What’s interesting is there are carb entries but no bolus entries. In fact the last time I took novolog was 8:55 pm Tuesday night. A whole 8 units. And despite no novolog for a day and a half I was low at 51 this morning.
I have also cut back my basal Toujeo from 36 units twice a day to 24 units twice a day.
@Thomas It looks like an initial increase after each carb entry, followed by the decrease an hour later.
I can only surmise that this is the basal insulin doing this. This is also how a normally functioning pancreas would act.
If this continues I’ll be cutting basal down incrementally just to see what happens. If I cut the basal down much farther though I would consider myself cured.
What is startling though is that just two weeks ago I was taking over 100 units of novolog every day for the same amount of carbs with a slightly worse track.

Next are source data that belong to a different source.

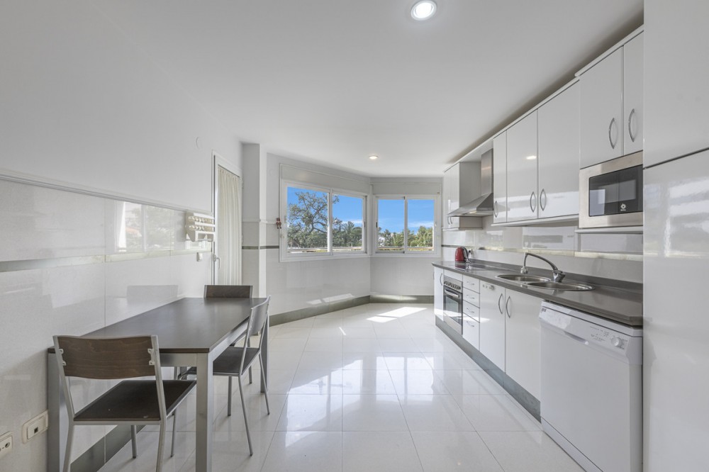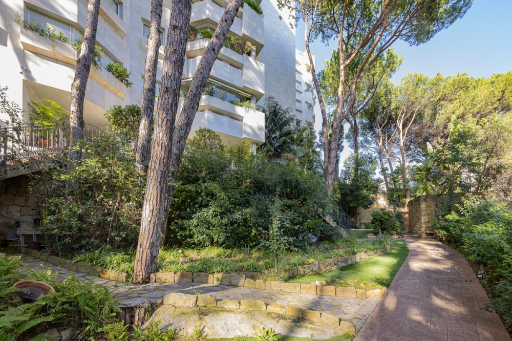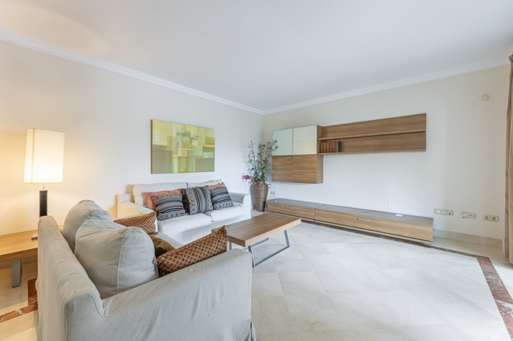- Located in Marbella’s prestigious Golden Mile, this elegant apartment offers a rare combination of prime location, comfort, and Mediterranean lifestyle. Set within the sought-after Jardín del Mediterráneo community, it is just a short stroll from the beachfront promenade and within walking distance of Marbella’s charming Old Town. Here, the শান্ত and privacy of a gated residential setting blend seamlessly with the vibrant social and culinary scene of beachfront restaurants, cafés, and chiringuitos. The apartment is thoughtfully designed to maximize natural light and functionality, featuring a well-balanced and fluid layout. It offers two bedrooms and two bathrooms, including a spacious master bedroom with en-suite bathroom and built-in wardrobes. The second bedroom also includes fitted wardrobes and is served by a full independent bathroom. The bright and inviting living-dining area forms the heart of the home, ideal for both everyday living and entertaining guests. The fully equipped kitchen includes a separate utility/laundry area for added convenience. With approximately 130 m² built, the property provides comfortable proportions and practical design. A key highlight is the covered terrace of approximately 14 m², located on the fourth floor with a southeast orientation. It enjoys abundant natural light throughout the morning and much of the day, along with pleasant partial views of the Mediterranean Sea and the surrounding mountains. This outdoor space serves as a natural extension of the living room, perfect for relaxed breakfasts, informal dining, or unwinding at the end of the day. The property is part of a well-established gated community known for its mature gardens and tranquil atmosphere. Jardín del Mediterráneo offers 24-hour security, concierge service, and two communal swimming pools set among beautifully landscaped grounds. The apartment also includes a private parking space and storage room. From a lifestyle and investment perspective, this property stands out for its exceptional location. The ability to walk to the beach, promenade, Old Town, and a wide range of amenities adds significant daily value. Whether as a permanent residence, holiday home, or rental investment, the Golden Mile remains one of the most desirable areas on the Costa del Sol. Distances: Beach: 2 minutes Marbella Old Town: 5 minutes Puerto Banús: 10 minutes International schools: 10–15 minutes Málaga Airport: 40 minutes
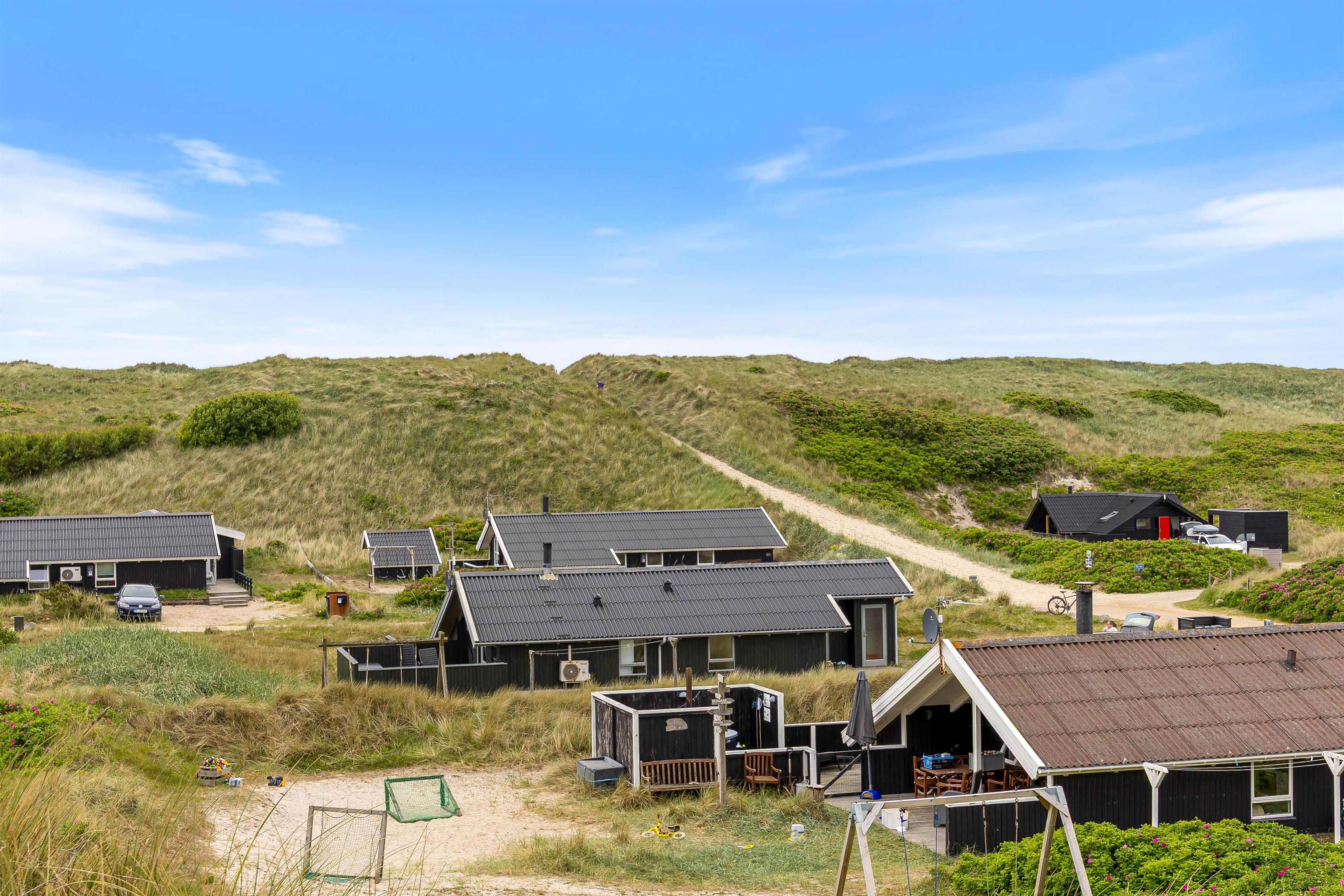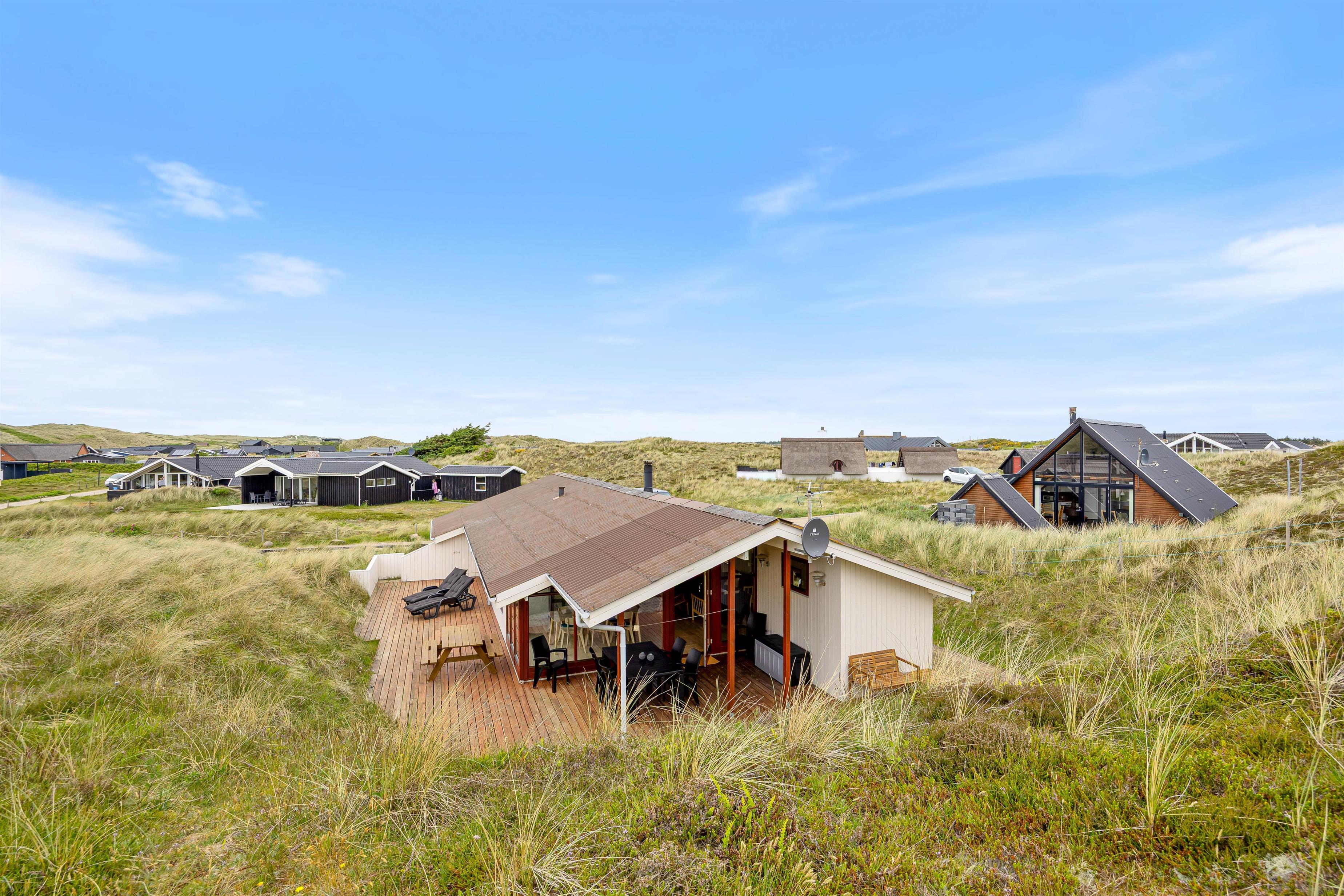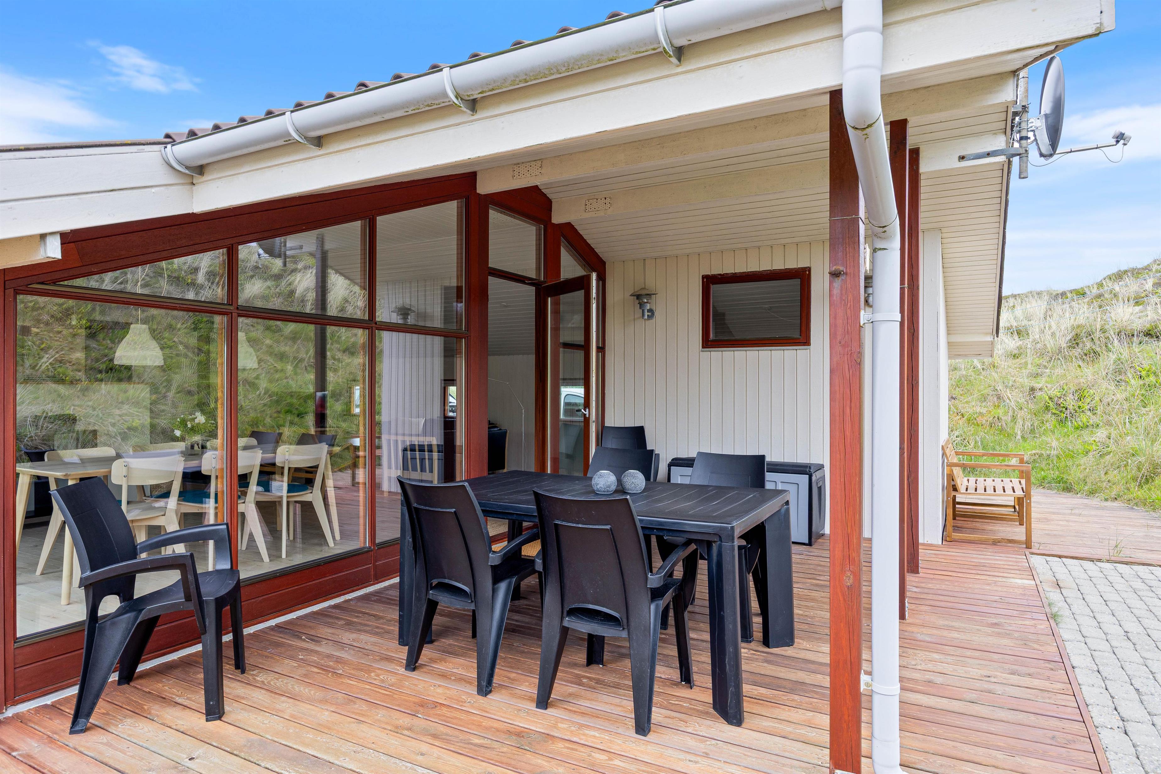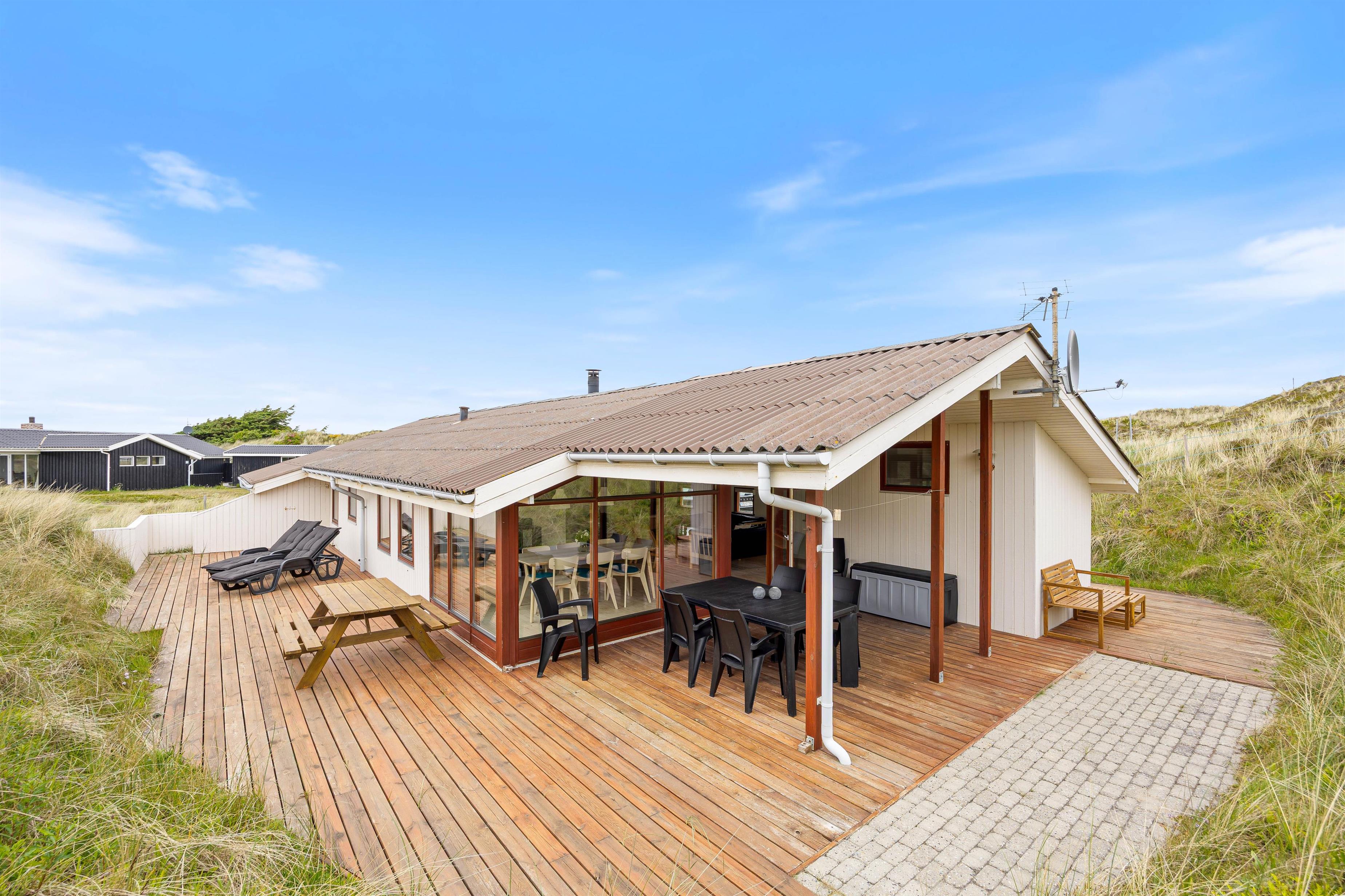 På den delvist overdækkede terrasse kan I nyde måltiderne udendørs, hvis I har lyst til det. Her er flere gode kroge og muligheder for læ, så nyd opholdet på liggestolene eller træk jer tilbage i havemøblerne med en god bog og en kop kaffe. Lad børnene gå på opdagelse på den godt 1.250 kvadratmeter store klitgrund imens. Tænd op i grillen til aften, og nyd et lækkert måltid sammen, før I sætter hunden i snor og går den korte tur til stranden, hvor I kan opleve solnedgangen i Vesterhavet.
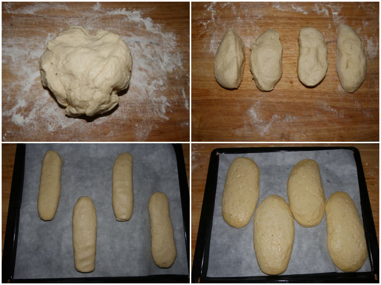 Dividete l'impasto in 4 panetti uguali e sagomateli per creare dei salsicciotti.
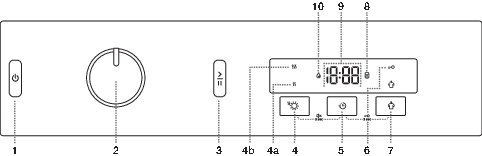 The display will be reactivated if you rotate the programme selector knob or press the (1) ON/OFF button or open the dryer door. If you do not do anything for 5 minutes after the end of the programme, the display unit will be switched off as well. Indicator light on the (3) START/PAUSE button will flash.

The only difference I can see is that I’ve cut carbs about 20% in the past couple of weeks. From about 100/day to more like 80 or so/day. So I’m basically now LCHF, but certainly not zealously.
@docslotnick, it strikes me that this could be valuable to a researcher to look at. This is almost unheard of, particularly given your insulin resistance.
This is really amazing, there is clearly something changing in your body. It will be awesome to understand what it is. That track without bolus insulin is spooky.
@Michel I am absolutely amazed at this myself. I am very anxious to see what happens as I reduce basal even more.
It’s frustrating that my endo seems to have retired or just left practice as I cannot reach him. I am trying to get an appointment with another endo ASAP.
Doc, someone should really look at you right away – there is something to discover in this adventure that could profit us all. What is your normal TDD? You are down to my son’s kinda bad days – he has worse, and he is 12 years old.
Bear in mind - I am not disagreeing - I am honestly curious what is going on and causing this. It doesn’t make sense to me. [Granted - I am not an Endo - lol - so lots of stuff doesn’t make sense to me]
@Thomas Injected basal is like slow release insulin. Ideally a 24 unit basal injection would release at the rate of one unit per hour. It doesn’t work exactly like that, but that is the idea.
If exactly the right amount of basal is taken, then no exogenous carbs are needed to cover it, the body’s normal function will use it. If too much is taken then it will drive Bg too low, necessitating eating some carbs.
So, in my case, it is obvious I was taking too much basal as it covered my meals.
Ok. So not so much that the basal was correcting for the food but rather that you had excess basal and the food was correcting the basal to prevent lows?
Perhaps same thing and just looking at it from the other direction.
In any case would you surmise that if you had not eaten food (ie fasting basal test) that you would have hit significant lows from excess basal?